Nonetheless, Friedman's passion for shareholder primacy remains undiminished. The fashionable idea that companies should balance the needs of shareholders, employees, customers, communities and other "stakeholders" strikes him as wrong-headed.

"The stakeholder notion is a very dangerous notion. It is a socialist notion. It says that employees are major stakeholders. It is really a movement towards employee-run enterprises." But what about the claim that human capital is as important to businesses as financial capital? Surely employees - the providers of human capital - should have some say in the way businesses are run?

His answer is twofold. First, human capital is not new. The share of wages and earnings in national income has been remarkably stable through the decades. Second, the best system of corporate governance is one that provides the best incentives to use capital efficiently. The self-interest of employees in retaining their jobs will often conflict with this overriding objective. Besides, shareholders enjoy none of the contractual protection enjoyed by employees. Thus, they bear the residual risk when a company fails.

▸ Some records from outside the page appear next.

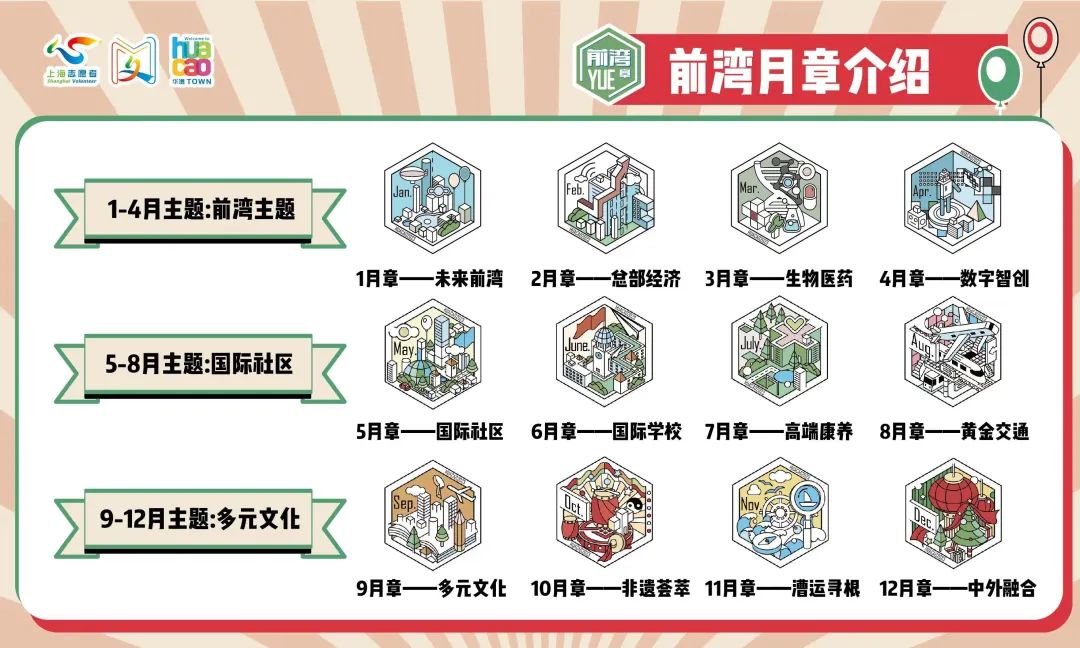 當天,華漕鎮新時代文明實踐分中心特別為華漕的志愿者設計的12枚“前灣月章”也同時發布。據介紹,所有參與華漕鎮新時代文明實踐志愿服務并在“上海志愿者網”記錄時長的志愿者都有機會獲得當月專屬“前灣月章”。全年徽章共分“未來前灣”“國際社區”“多元文化”三大主題。具體而言,首先在華漕志愿者中記錄時長排名前200名。其次,參與“前灣YUE章”新時代文明實踐特色項目并提供服務,且在“上海志愿者網”記錄時長。隨章送出的還有與徽章一一對應的、有獨一編號的YUE章志愿者證書,讓每位志愿者都是“獨一無二”。同時,如獲章志愿者愿意的話,文明實踐分中心還會向其所在單位或學校發送感謝信。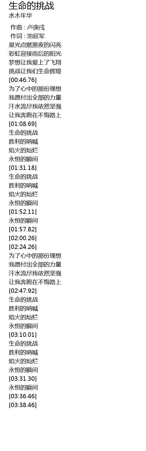 | [03:10.69] | 生命的挑战 |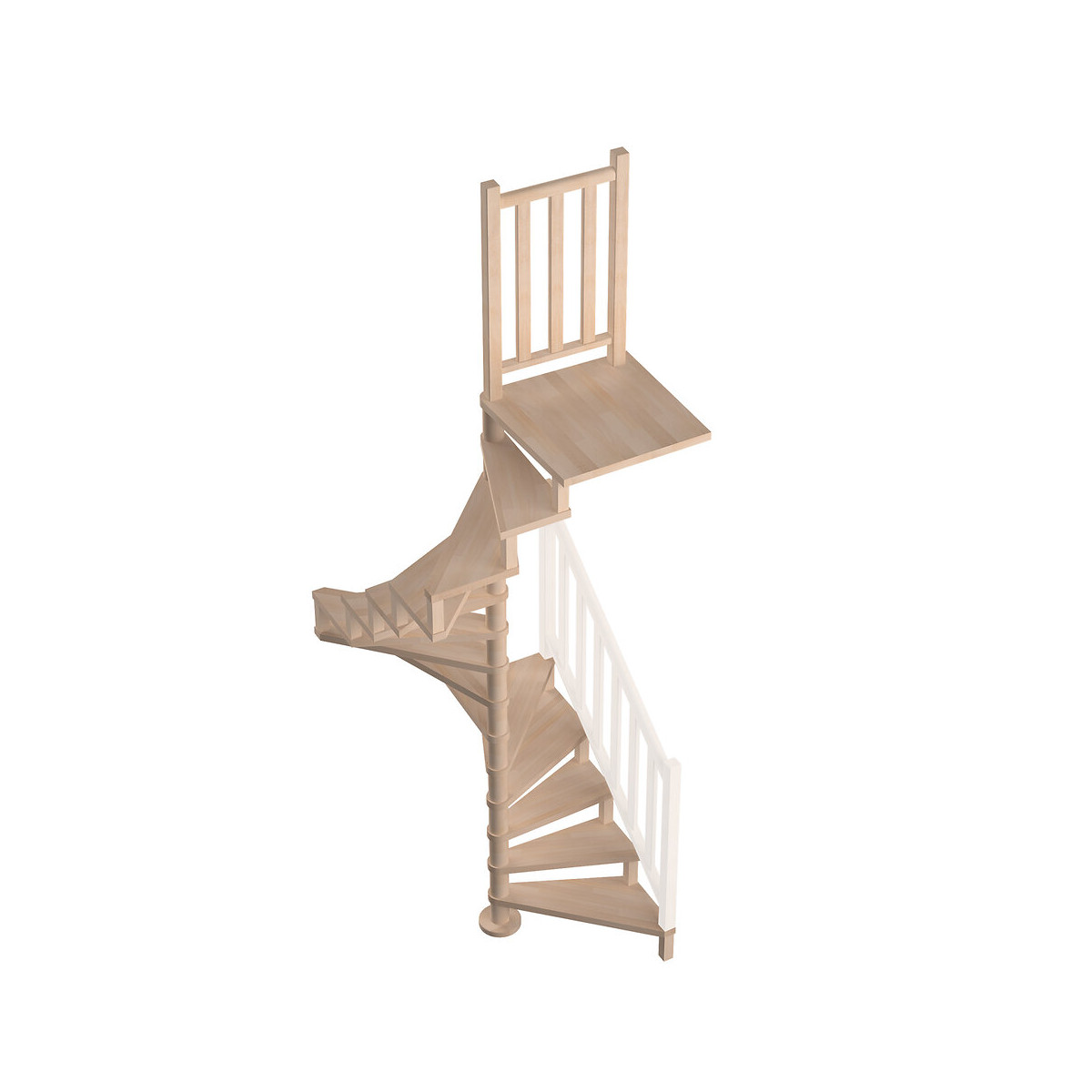 Escalier en spirale en hêtre massif lamellé A placer dans un angle de mur Hauteur arrivé au niveau palier : maximum 300cm 14 marches épaisseur 31mm Entretoises diamètre 110mm + 6 équerres de fixation Fourni avec palier carré recoupable et garde-corps sur palier Ajustable par recoupe de la première entretoise A traiter, vernir ou huiler Livré dans une boîte/palette Usage intérieur

"You want control... in the hands of those who are the residual recipients because they are the ones with the direct interest in using the capital of the firm efficiently. How do you like the sand dabs?" Sand dabs, it turns outs, are a favourite in the Friedman household. Rose's sand dabs are unmatched even by the North Beach Restaurant.

I ask whether he has changed his famously sceptical views about European monetary union. After all, the euro has been around for a couple of years and is, as we speak, kicking sand in the face of a weak dollar. Surely this suggests that the European single currency could be a long-term success.

"I've been wrong so far, so I don't have too much confidence in my view. But I think within the next 10 to 15 years the eurozone will split apart. The British government, on balance, should stay out of it." I remark that Friedman the economist seems less sure of himself these days than his polemicist alter ego.

After a long pause, he agrees: "You form a philosophy at a certain stage and for the rest of your life it dominates. On the big issues of policy I don't think there is anything I've changed my mind about."

* * * * *

Please note that Friedman still rejects the Laffer Curve on tax policy, repeating the assertion he has been making for decades that taxes should be cut in order to starve the government of spending. There is no growth dynamic in his fiscal world.